WORK ITEM
Pictures stay out of the copy; output exactly the lines from the one containing "Touching down in" through the end of the material.

GIVEN DATA
• • • •

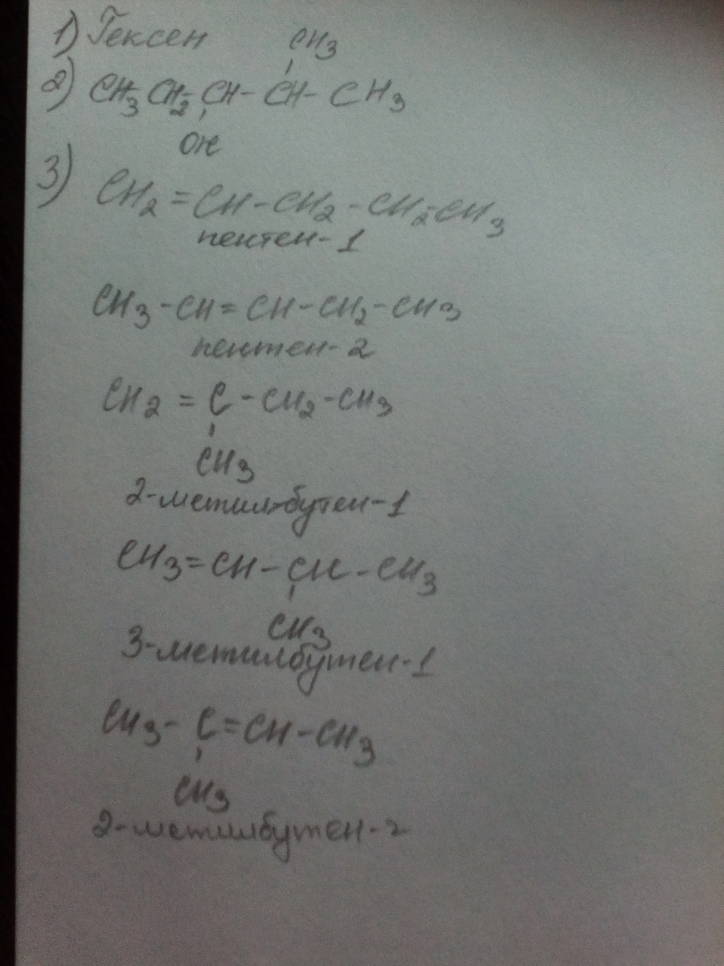 3)Структурные формулы всех возможных изомеров углеводорода пентена-1
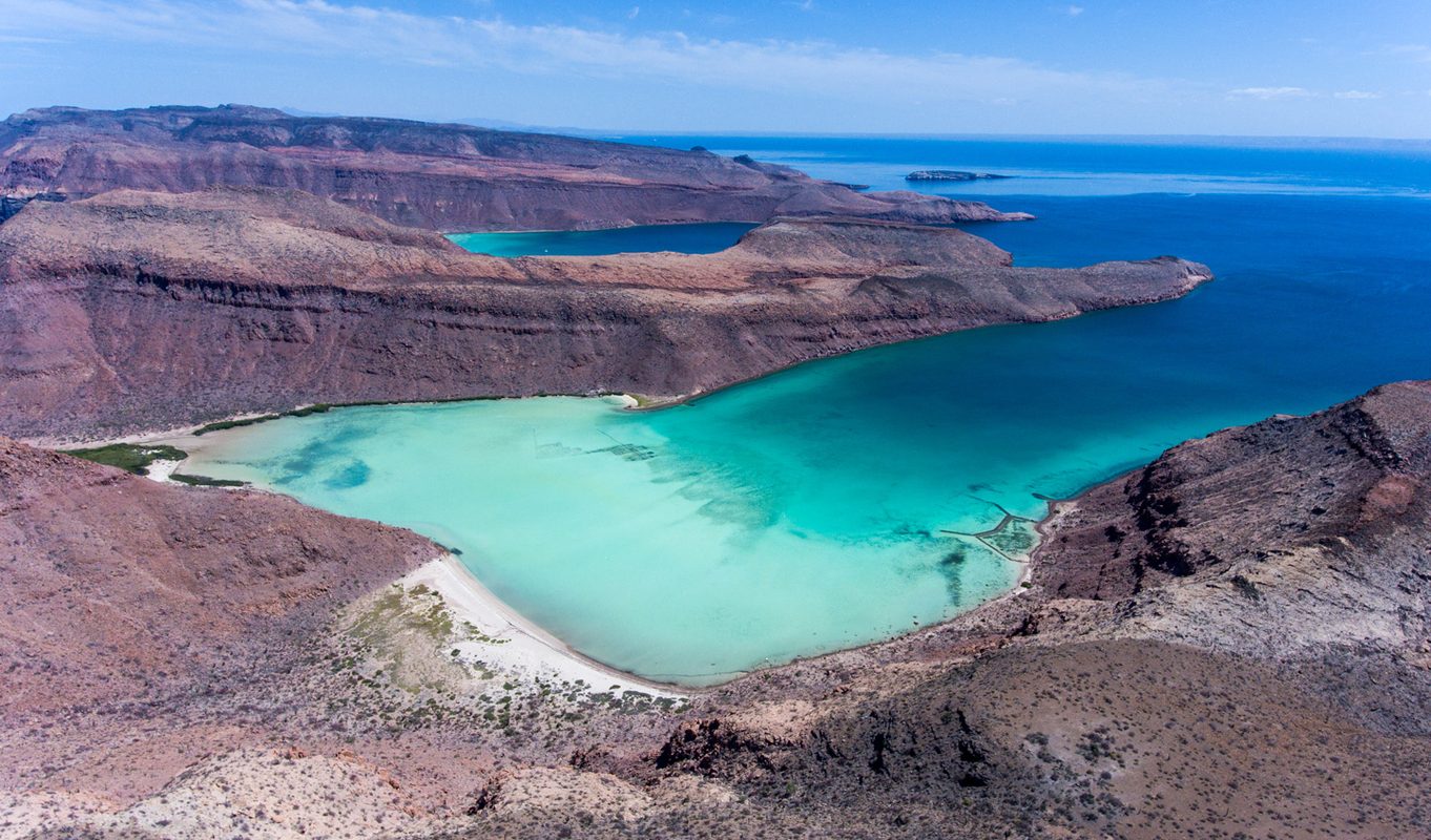 Touching down in Los Cabos, you’ll head north through the cacti-dotted desert to Baja Sur’s capital, La Paz. Here, you’ll check in at the charming Baja Club Hotel – a beautifully restored 20th-century villa featuring a spa, rooftop bar, and dazzling views of the Sea of Cortez. The perfect base from which to explore the area’s wealth of natural wonders, you’ll spend the next few days choosing between epic underwater adventures and blissful beachside relaxation. Or both.
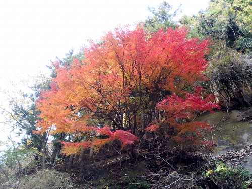 | 集落内の里山区間をゆっくり進んで富津市域に入って「中沼」集落の外れまで進んできました。そこでダートはいったん途切れて山林内へと分け入る登り坂が開始しますが、路肩の薮に紅葉したモミジが点在していました。この辺りではなに気ない風景の中で、ごく当たり前のようにモミジが真っ赤に紅葉しています。 | |||||

• • • •

WRITTEN SOLUTION
 Touching down in Los Cabos, you’ll head north through the cacti-dotted desert to Baja Sur’s capital, La Paz. Here, you’ll check in at the charming Baja Club Hotel – a beautifully restored 20th-century villa featuring a spa, rooftop bar, and dazzling views of the Sea of Cortez. The perfect base from which to explore the area’s wealth of natural wonders, you’ll spend the next few days choosing between epic underwater adventures and blissful beachside relaxation. Or both.
 | 集落内の里山区間をゆっくり進んで富津市域に入って「中沼」集落の外れまで進んできました。そこでダートはいったん途切れて山林内へと分け入る登り坂が開始しますが、路肩の薮に紅葉したモミジが点在していました。この辺りではなに気ない風景の中で、ごく当たり前のようにモミジが真っ赤に紅葉しています。 | |||||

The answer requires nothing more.